Par des mémoires en défense, enregistrés le 22 janvier 2024 et le 26 mars 2025, la direction spécialisée de contrôle fiscal sud-ouest conclut au rejet de la requête comme non fondée.
Vu les autres pièces du dossier.
Vu :
— la déclaration des droits de l’Homme et du citoyen ;
— le code général des impôts ;
— le livre des procédures fiscales ;
— le code des relations du public avec l’administration ;
— le code de justice administrative.
Le président du tribunal a désigné M. A en application de l’article R. 222-13 du code de justice administrative.
Par une décision du 25 mars 2025, le président du tribunal a désigné M. Ahmed Slimani en qualité de rapporteur public sur le fondement des dispositions de l’article R. 222-24 du code de justice administrative.
Les parties ont été régulièrement averties du jour de l’audience.
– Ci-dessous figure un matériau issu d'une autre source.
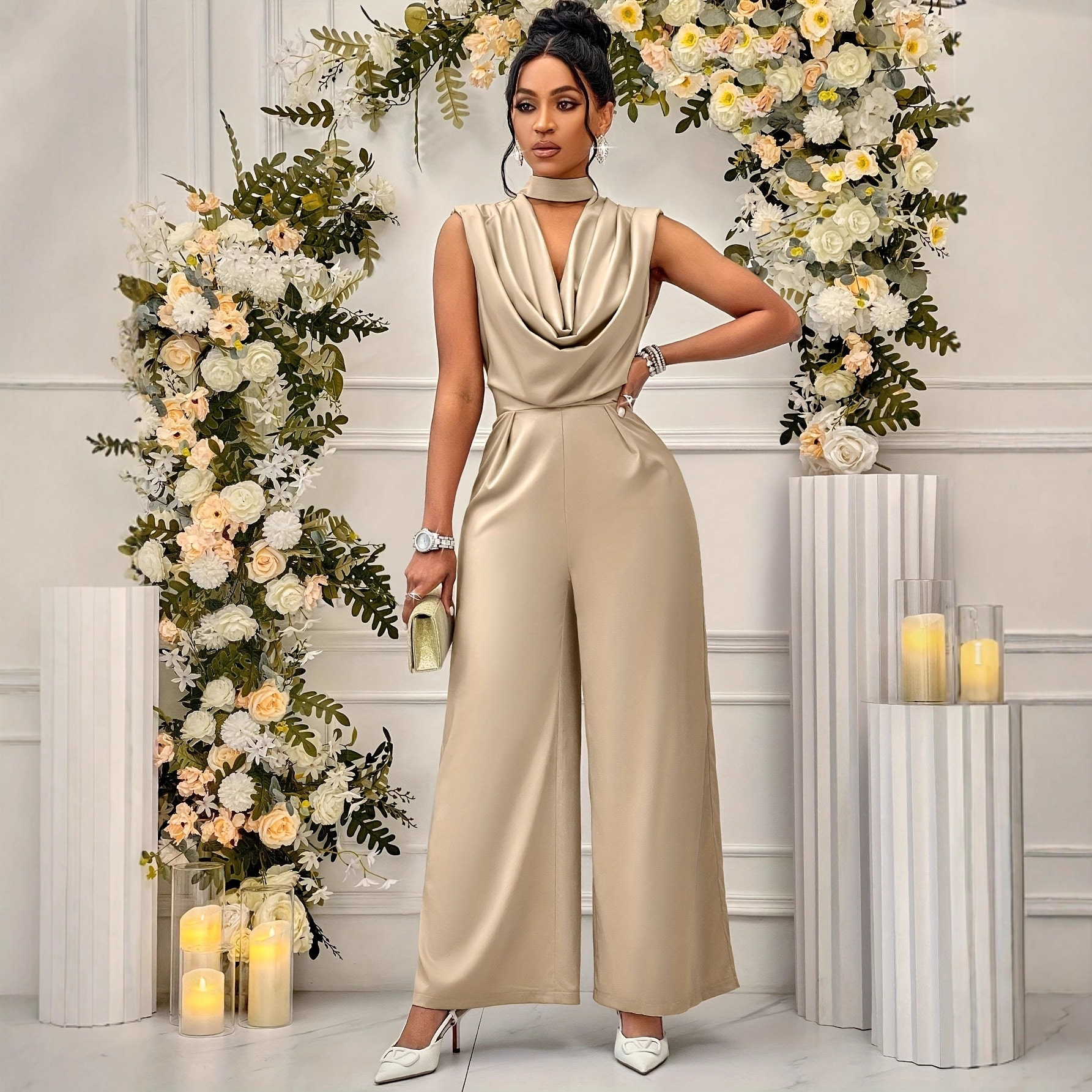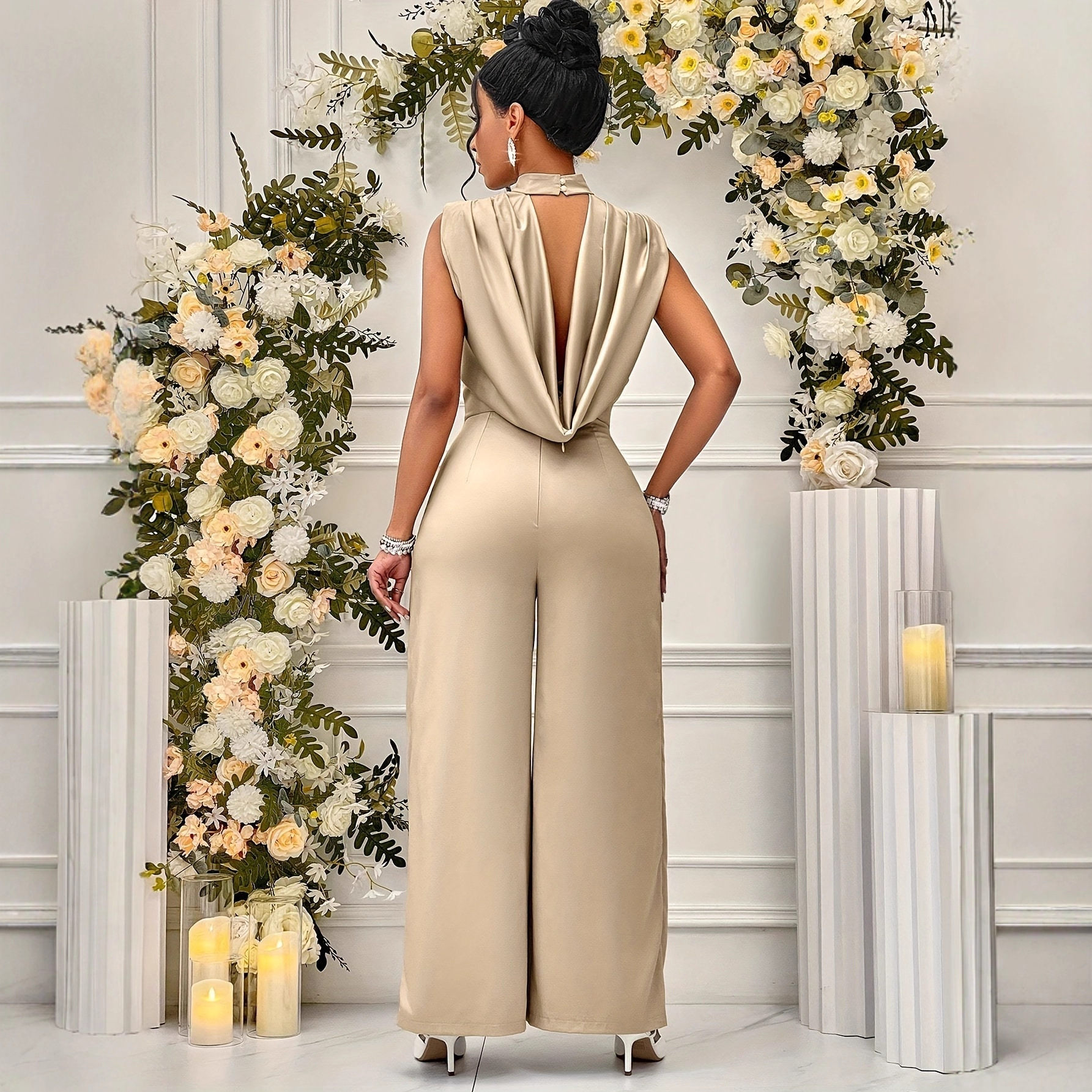結婚式お呼ばれドレスに最適な上品なパンツドレスです。 ドレープをたっぷりとあしらったカウルネックが華やかで、ノースリーブデザインがすっきりとした印象を与えます。 背中は大胆に開いたバックオープンデザインで、後ろ姿まで美しく演出します。 ワイドパンツのシルエットが脚長効果を発揮し、洗練された大人の装いを叶えます。 二次会やパーティーなど様々なシーンで活躍する一着です。
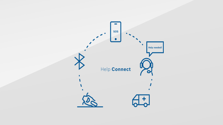 Selon les informations publiées par Bosch, Help Connect est une solution intégrée capable de combiner la détection automatique des accidents, la fonction d’appel d’urgence et le système de réponse personnelle en cas d’urgence.
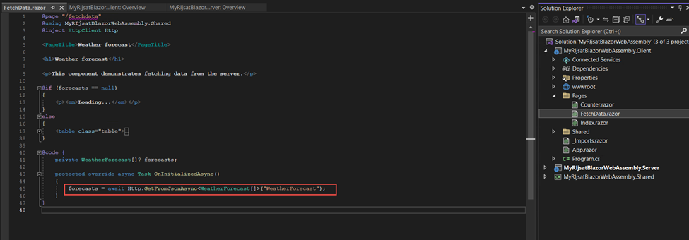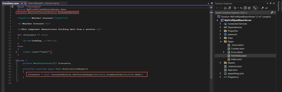 Furthermore, if we check FetchData.rozor page/component, we can call the services, business logic classes directly from Blazor page and use application models.
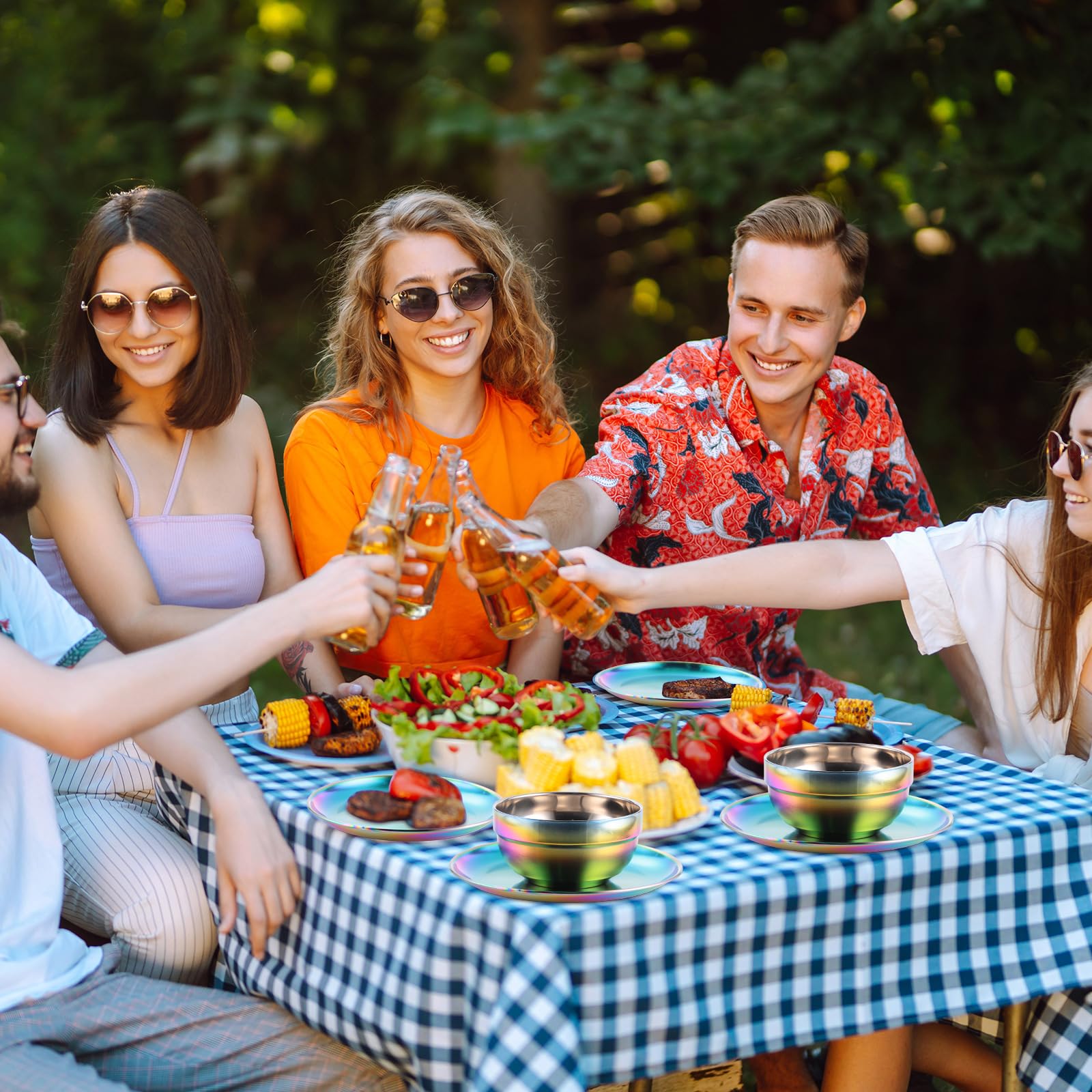 - Dinnerware Set: you will receive 30 pieces of rainbow stainless steel dinnerware set, including 10 dinner plates in 8 inch, 10 dinner bowls in 5.1 inch, and 10 cups in 3 inch, plenty of quantity, whether you are hosting a party or enjoying a quiet family dinner, or camping and picnicking, this rainbow dishes set ensures you're always prepared, with the plates, bowls and cups all in standard sizes for a variety of dishes and drinks
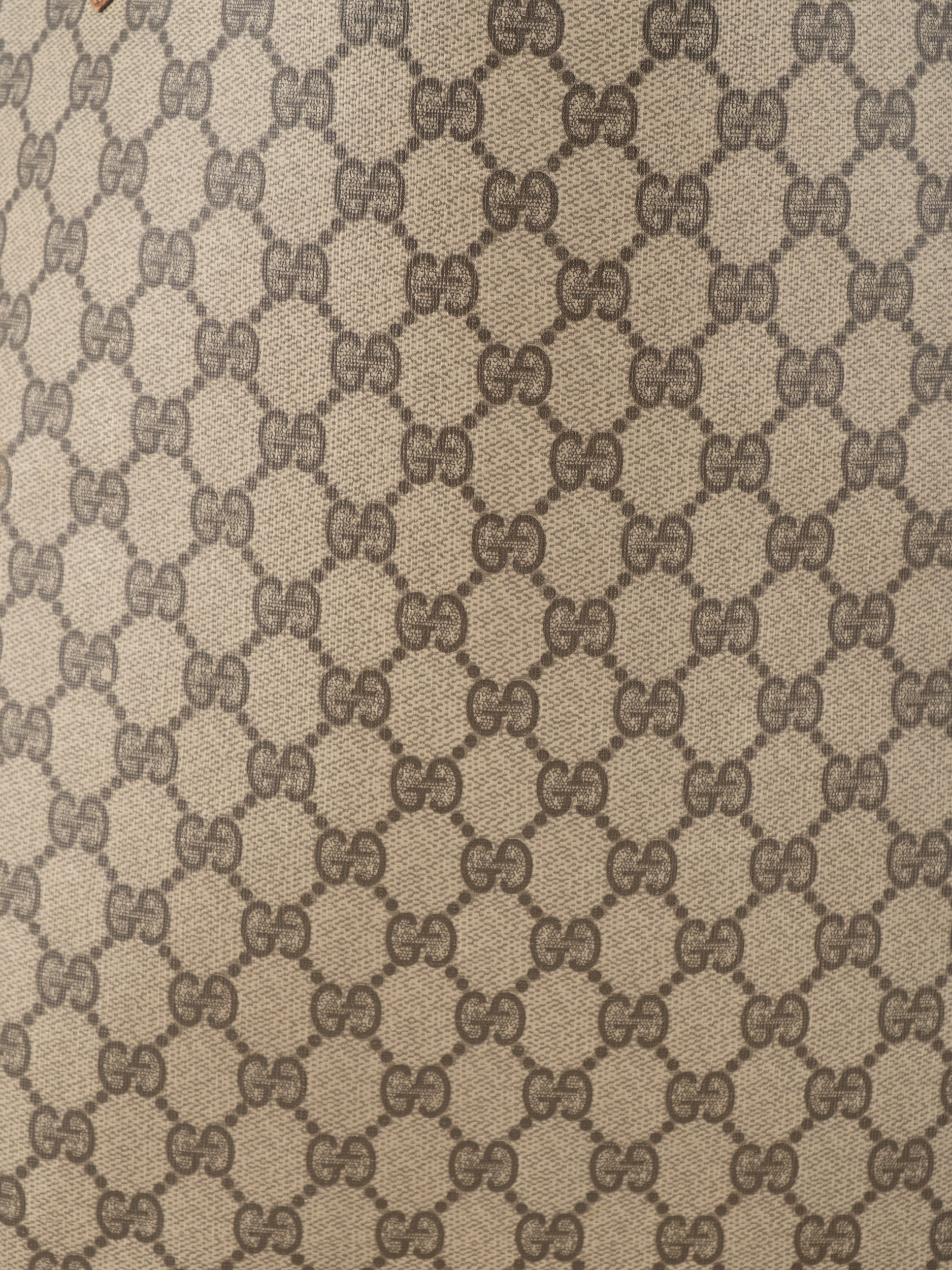 התיק עשוי קנבס בדוגמת GG בגוון בז' עם עיטורי עור חום בפינות ובחלק העליון. כולל כיס קדמי חיצוני מעור, ידיות נשיאה רחבות מבד בגווני ירוק ואדום וחלל פנימי פתוח ומרווח במיוחד. מתאים לשימוש יומיומי, עבודה או נסיעות קצרות.
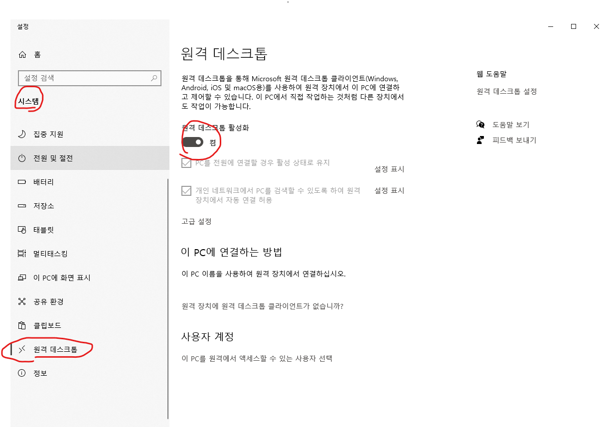 먼저 윈도우의 원격데스크탑 설정을 해주셔야 합니다.
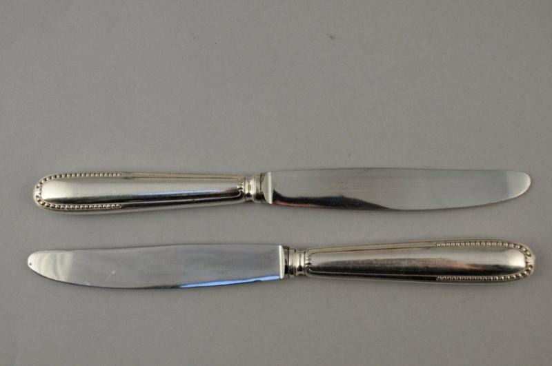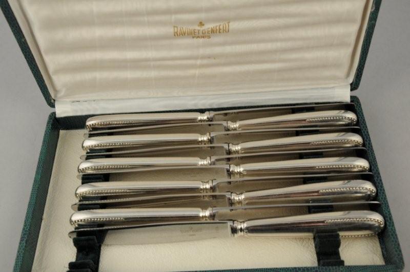 Ensemble de 31 COUTEAUX à manches en métal argenté, à décor perlé, lames inox, comprenant une suite de DIX GRANDS COUTEAUX et une suite de VINGT-ET-UN COUTEAUX à dessert. RAVINET D'ENFERT à Paris. Style Louis XVI.
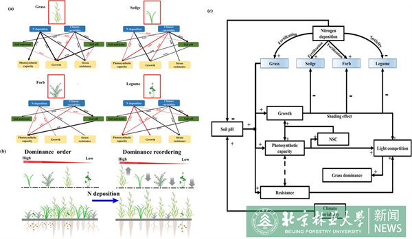 图2 路径分析。(a) 结构方程模型中,黑色箭头表示正效应,红色箭头表示负效应。箭头的宽度表示效应的强度。数字表示显著通路的标准化路径系数。(b) 氮添加导致功能群重排序。(c) 氮添加、气候因素、植物生理指标之间关系的概念模型。+表示正效应,-表示负效应。
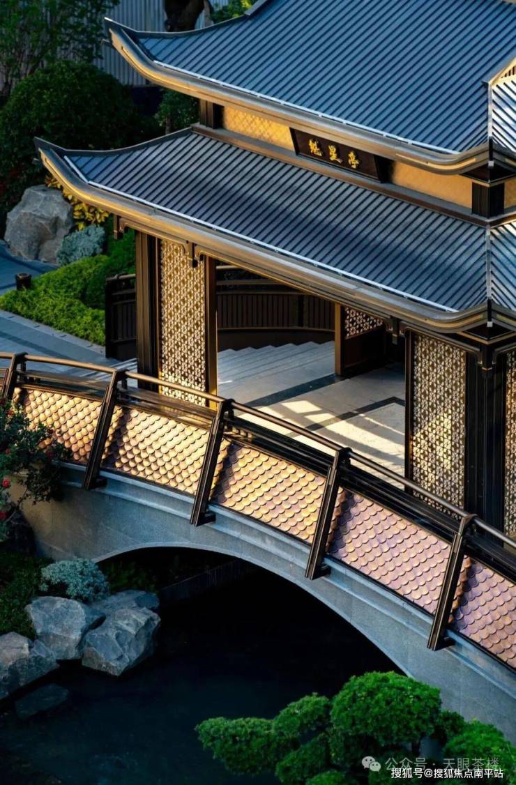 穿过月洞门,豁然开朗之处,复刻朱熹文公书院的魁星阁临高而立。魁星执笔点斗,暗喻金榜题名,以文脉之最传续书香世家。龙鳞金瓦桥横卧瀑前,约6米高差引水成瀑,山石为伴,气象万千——这处 岛内最高的下沉式瀑布中庭,将自然山水浓缩于方寸之间,创造了“居尘而出尘”的诗意栖居。
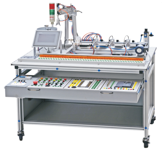 本設備主要包括實訓臺架、典型的機電一體化設備的機械部件、PLC模塊、變頻器模塊、按鈕模塊、電源模塊、模擬生產設備實訓模塊、接線端子排和各種傳感器等組成。整體結構采用開放式和拆裝式,實訓裝置用于機械部件組裝,可根據現有的機械部件組裝生產設備,也可添加機械部件組裝其他生產設備,使整個裝置能夠靈活的按教學或競賽要求組裝具有生產功能的機電一體化設備。
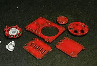 Después he aprovechado a pintar todos los bordes del Razorback con Gris Lobo de Vallejo Game Color los grises y con Rojo Fluorescente de Vallejo Model Air.
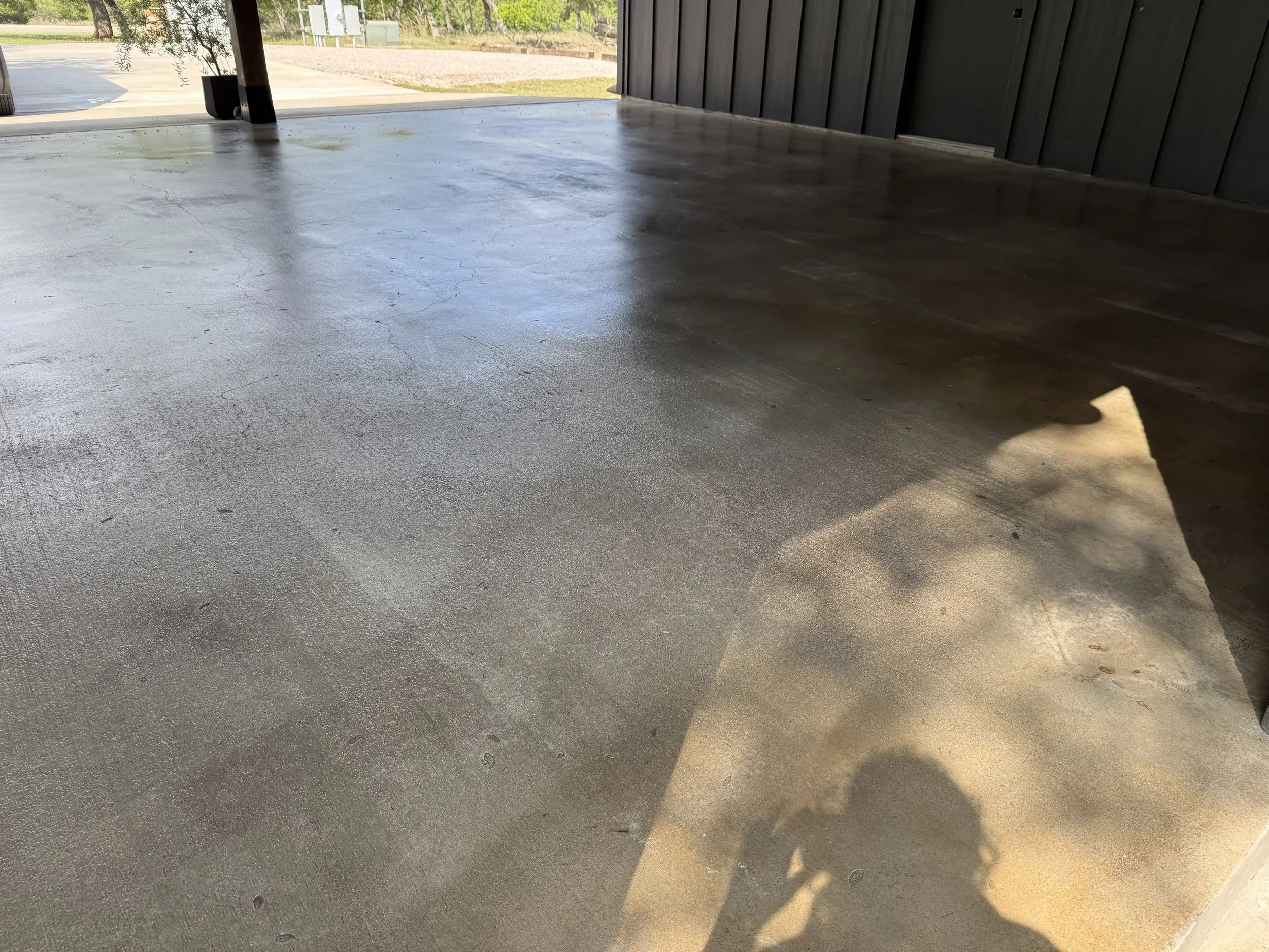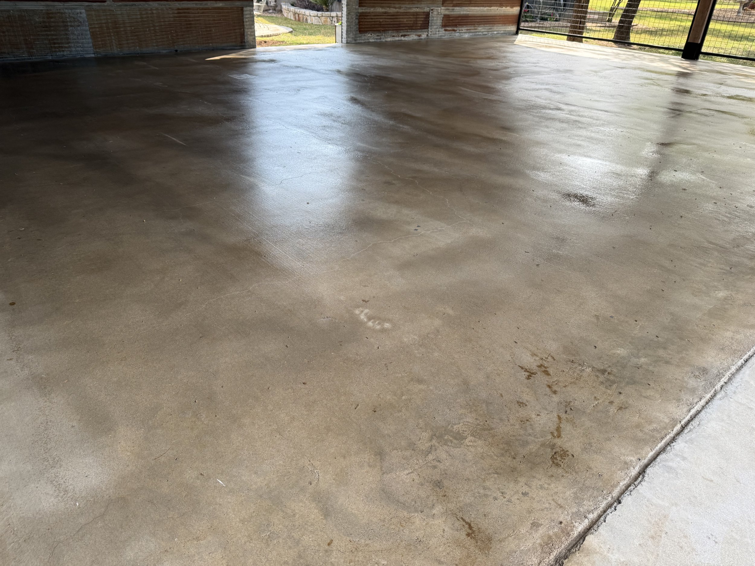 Aggressively cleaning the concrete and sealing with a commercial-grade sealer enhances the natural colors. This also stops the concrete from dusting and helps resists stains and tire marks. This is timeless look and it happens to be surprisingly inexpensive.

Ont été entendus au cours de l’audience publique à laquelle aucune des parties n’était présente ou représentée :
— le rapport de M. A,
— les conclusions de M. Slimani, rapporteur public.
Considérant ce qui suit :
1. La SCI Recycla’fer est propriétaire depuis 2018, de cinq parcelles cadastrées section H nos 31, 32, 33, 38 et 39 au lieu-dit « Les Roudannes » sur la commune de Gouzon. Par un bail commercial signé le 22 février 2018, elle a donné en location à la SAS Auto casse Ferrari les parcelles cadastrées section H nos 31 et 38. L’administration fiscale ayant constaté que la valeur de certains biens n’avait pas été incluse dans la base d’imposition de la taxe foncière sur les propriétés bâties au titre de l’année 2021 a procédé à un rehaussement. Les impositions supplémentaires en résultant ont été mises en recouvrement le 31 décembre 2022 pour un montant de 137 246 euros. La requérante a présenté le 15 février 2023 une réclamation qui par décision du 8 août 2023 a fait l’objet d’un rejet de la direction spécialisée de contrôle fiscal
sud-ouest. La requérante demande au tribunal d’annuler cette décision et de la décharger de la somme réclamée.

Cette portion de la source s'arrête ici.